Heat 2 Power:
New Thermo Storage Technology []

In the beginning was the fire

Heat is the oldest form of energy used by humans. Our ancestors kept a naturally occurring fire alive as a campfire. Today we have solved this problem, but there are new challenges:

How do we keep excess electricity from renewable energy generation alive?

First you have to be aware that there is (excess) electricity that needs to be stored. If the energy transition is to succeed, we not only need an incredible amount more electricity than we do now, we need this electricity to be available evenly and reliably. No one is helped by simply increasing the installed total nominal power. In the worst case, the high volatility of renewable energies leads to the so-called dark doldrums. Even in a large-scale network with a large number of wind power plants, there is a power curve with extreme fluctuations. That's why we need energy storage to smooth the performance and to deliver as needed.
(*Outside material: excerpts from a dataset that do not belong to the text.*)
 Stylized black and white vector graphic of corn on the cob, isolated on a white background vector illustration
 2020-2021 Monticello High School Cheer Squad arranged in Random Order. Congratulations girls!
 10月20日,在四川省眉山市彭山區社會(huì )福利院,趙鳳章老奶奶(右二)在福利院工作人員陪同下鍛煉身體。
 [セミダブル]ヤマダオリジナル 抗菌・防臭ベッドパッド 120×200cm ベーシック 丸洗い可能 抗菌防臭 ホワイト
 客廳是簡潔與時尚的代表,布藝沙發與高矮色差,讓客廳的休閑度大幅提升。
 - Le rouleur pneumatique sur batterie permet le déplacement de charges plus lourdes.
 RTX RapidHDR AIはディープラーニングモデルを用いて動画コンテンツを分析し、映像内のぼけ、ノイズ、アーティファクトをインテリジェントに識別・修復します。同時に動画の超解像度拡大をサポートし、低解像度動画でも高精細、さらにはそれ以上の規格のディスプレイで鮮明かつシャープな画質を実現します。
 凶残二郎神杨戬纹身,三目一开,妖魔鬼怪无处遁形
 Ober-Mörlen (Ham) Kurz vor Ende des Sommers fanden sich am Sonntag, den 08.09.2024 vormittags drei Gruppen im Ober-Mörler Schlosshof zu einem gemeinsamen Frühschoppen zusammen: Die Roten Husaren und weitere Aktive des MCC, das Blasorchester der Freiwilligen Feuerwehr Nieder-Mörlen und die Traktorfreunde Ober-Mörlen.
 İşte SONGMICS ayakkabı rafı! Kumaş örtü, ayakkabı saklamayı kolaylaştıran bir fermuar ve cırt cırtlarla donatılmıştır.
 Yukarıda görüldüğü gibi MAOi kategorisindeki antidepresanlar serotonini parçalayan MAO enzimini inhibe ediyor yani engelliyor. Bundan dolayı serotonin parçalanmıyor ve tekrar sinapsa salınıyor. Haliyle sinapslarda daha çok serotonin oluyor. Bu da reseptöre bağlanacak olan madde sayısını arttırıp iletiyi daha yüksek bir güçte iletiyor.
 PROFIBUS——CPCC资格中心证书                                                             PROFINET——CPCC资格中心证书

The need for energy storage

Why does it have to be possible to store electricity from solar and wind power plants, even though their share of total energy generation is still comparatively small? The strong fluctuations in renewable energy generation cause several problems at the same time:

The wrong form of energy is often in the wrong place at the wrong time. Why do we need heating energy in summer? How to replace energy from gas or nuclear power with electricity?
Renewable energy is unreliable. The performance of a wind turbine reacts very sensitively to changes in wind conditions, it changes with the 3rd power of the wind speed. In the case of a wind power plant, only around 15-20% of the nominal output is available on an annual average. This average value is not reached in around two thirds of the operating time.

Frequency distribution of the annual electricity production of a 3000 kW wind turbine:
number of days above the generated power in kW per day (3000 kW x 24h = 72000 kWh)
At the same time, we run the risk of massive overproduction.
Where does the electricity come from during a dark doldrums? Solar power and wind power contribute almost no guaranteed output. For the times without wind and solar power, you need additional power plants to step in to fill the gap.
It is a fatal mistake to believe that storage can still be delayed because other flexibility options (load management, flexible power plants) are even cheaper. The problem has already caught up with us with a considerably renewable electricity share. It just doesn't seem acute yet, since there are currently still enough (fossil) backup options and the little technologically open focus has so far been on expensive storage options (power-to-gas, batteries). Contrary viewpoints are based on old assumptions, such as that gas is cheap.
If you could store electricity, you would have high investment costs, but you save yourself the purchase and dependence on fuel.
Excess energy from peak performance currently has to be curtailed or dumped. It would be better to be able to store this electricity.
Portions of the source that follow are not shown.